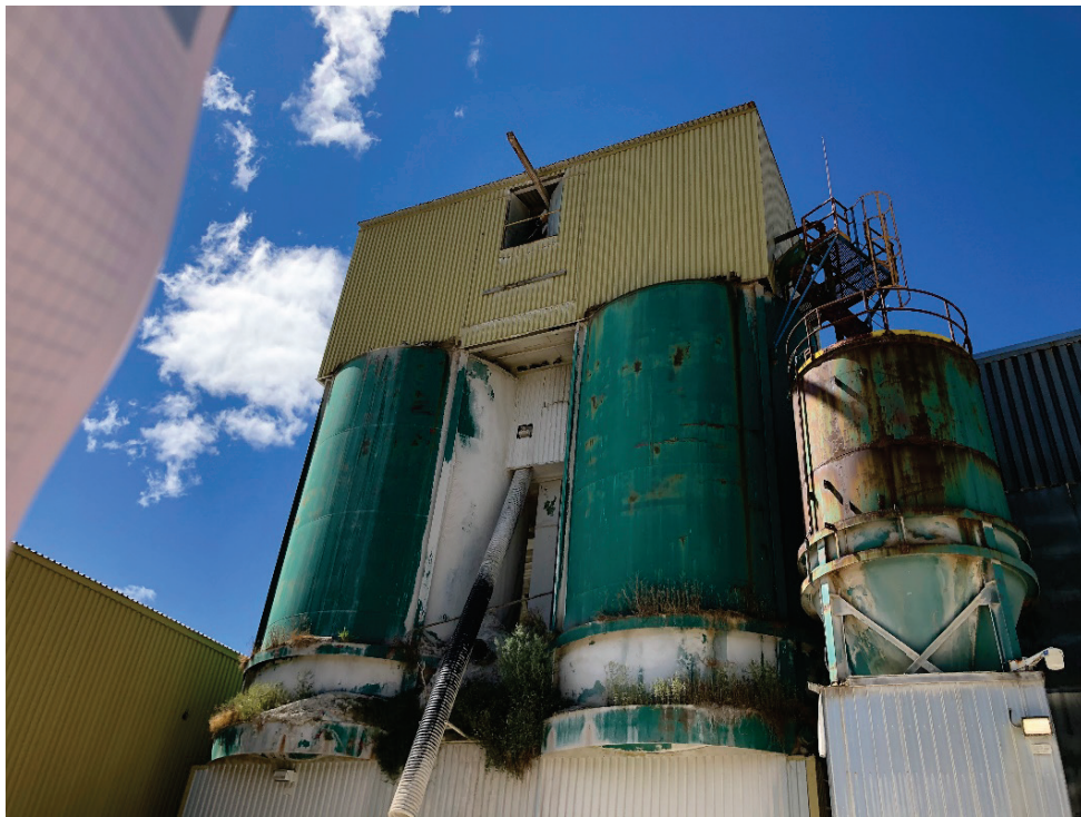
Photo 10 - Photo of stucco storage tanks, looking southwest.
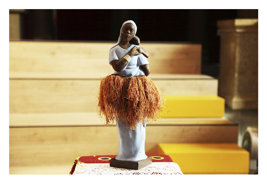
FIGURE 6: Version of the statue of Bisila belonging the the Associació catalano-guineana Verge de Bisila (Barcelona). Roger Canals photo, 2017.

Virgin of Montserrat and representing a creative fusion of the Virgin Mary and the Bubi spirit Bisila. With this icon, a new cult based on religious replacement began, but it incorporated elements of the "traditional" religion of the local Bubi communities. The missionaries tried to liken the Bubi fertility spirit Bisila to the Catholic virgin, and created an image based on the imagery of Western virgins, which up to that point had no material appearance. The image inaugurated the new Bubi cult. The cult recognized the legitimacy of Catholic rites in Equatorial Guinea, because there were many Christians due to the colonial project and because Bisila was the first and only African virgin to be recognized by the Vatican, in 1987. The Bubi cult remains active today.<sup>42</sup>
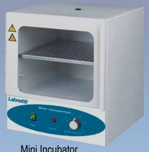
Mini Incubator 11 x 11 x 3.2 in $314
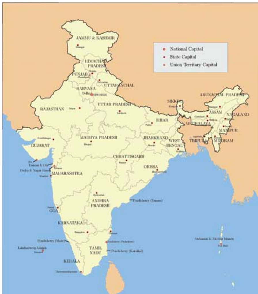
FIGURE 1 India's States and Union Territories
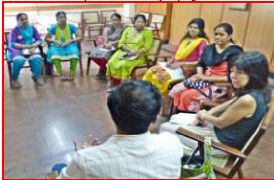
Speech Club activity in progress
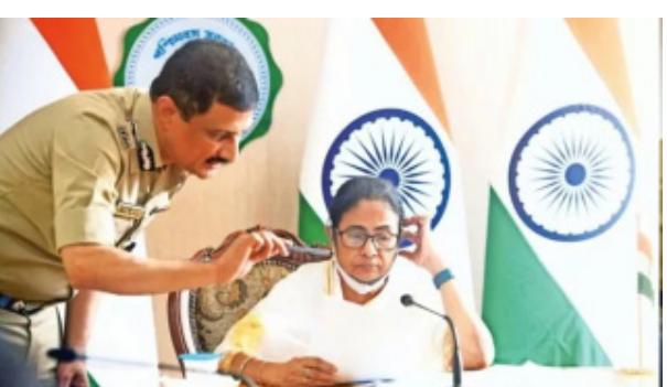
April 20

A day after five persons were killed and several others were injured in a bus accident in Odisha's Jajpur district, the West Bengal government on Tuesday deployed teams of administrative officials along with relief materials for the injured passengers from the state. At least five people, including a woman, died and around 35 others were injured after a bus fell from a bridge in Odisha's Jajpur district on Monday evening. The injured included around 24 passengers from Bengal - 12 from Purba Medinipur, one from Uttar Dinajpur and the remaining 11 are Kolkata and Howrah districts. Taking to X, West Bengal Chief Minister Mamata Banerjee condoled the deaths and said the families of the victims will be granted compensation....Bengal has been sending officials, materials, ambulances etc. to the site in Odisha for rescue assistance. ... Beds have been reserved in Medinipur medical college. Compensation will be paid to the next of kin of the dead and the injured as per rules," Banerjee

● ● ●

• **Activity**
Where pictures occur in the material above, omit them and return everything else exactly.

• **The answer**
Photo 10 - Photo of stucco storage tanks, looking southwest.
FIGURE 6: Version of the statue of Bisila belonging the the Associació catalano-guineana Verge de Bisila (Barcelona). Roger Canals photo, 2017.

Virgin of Montserrat and representing a creative fusion of the Virgin Mary and the Bubi spirit Bisila. With this icon, a new cult based on religious replacement began, but it incorporated elements of the "traditional" religion of the local Bubi communities. The missionaries tried to liken the Bubi fertility spirit Bisila to the Catholic virgin, and created an image based on the imagery of Western virgins, which up to that point had no material appearance. The image inaugurated the new Bubi cult. The cult recognized the legitimacy of Catholic rites in Equatorial Guinea, because there were many Christians due to the colonial project and because Bisila was the first and only African virgin to be recognized by the Vatican, in 1987. The Bubi cult remains active today.<sup>42</sup>
Mini Incubator 11 x 11 x 3.2 in $314
FIGURE 1 India's States and Union Territories
Speech Club activity in progress
April 20

A day after five persons were killed and several others were injured in a bus accident in Odisha's Jajpur district, the West Bengal government on Tuesday deployed teams of administrative officials along with relief materials for the injured passengers from the state. At least five people, including a woman, died and around 35 others were injured after a bus fell from a bridge in Odisha's Jajpur district on Monday evening. The injured included around 24 passengers from Bengal - 12 from Purba Medinipur, one from Uttar Dinajpur and the remaining 11 are Kolkata and Howrah districts. Taking to X, West Bengal Chief Minister Mamata Banerjee condoled the deaths and said the families of the victims will be granted compensation....Bengal has been sending officials, materials, ambulances etc. to the site in Odisha for rescue assistance. ... Beds have been reserved in Medinipur medical college. Compensation will be paid to the next of kin of the dead and the injured as per rules," Banerjee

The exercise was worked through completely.